_GIVEN RECORDS_:
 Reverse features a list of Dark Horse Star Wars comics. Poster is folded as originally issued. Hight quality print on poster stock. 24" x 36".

==

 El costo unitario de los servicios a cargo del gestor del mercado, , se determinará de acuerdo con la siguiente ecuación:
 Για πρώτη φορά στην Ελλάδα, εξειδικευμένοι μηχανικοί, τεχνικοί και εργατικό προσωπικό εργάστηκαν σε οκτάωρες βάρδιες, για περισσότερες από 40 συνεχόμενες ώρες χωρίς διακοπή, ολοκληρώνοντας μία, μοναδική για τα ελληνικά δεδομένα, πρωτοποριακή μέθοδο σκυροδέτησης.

* * *

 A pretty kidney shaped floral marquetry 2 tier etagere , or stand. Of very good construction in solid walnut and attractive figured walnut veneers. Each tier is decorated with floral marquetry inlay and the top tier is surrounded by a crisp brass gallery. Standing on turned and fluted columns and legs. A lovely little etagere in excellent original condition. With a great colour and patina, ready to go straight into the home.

_WHAT TO WORK ON_: Begin with the line that has "El costo unitario" in the listing above and end after the line that has "Για πρώτη φορά"; output those lines exactly.

_WRITTEN SOLUTION_:
 El costo unitario de los servicios a cargo del gestor del mercado, , se determinará de acuerdo con la siguiente ecuación:
 Για πρώτη φορά στην Ελλάδα, εξειδικευμένοι μηχανικοί, τεχνικοί και εργατικό προσωπικό εργάστηκαν σε οκτάωρες βάρδιες, για περισσότερες από 40 συνεχόμενες ώρες χωρίς διακοπή, ολοκληρώνοντας μία, μοναδική για τα ελληνικά δεδομένα, πρωτοποριακή μέθοδο σκυροδέτησης.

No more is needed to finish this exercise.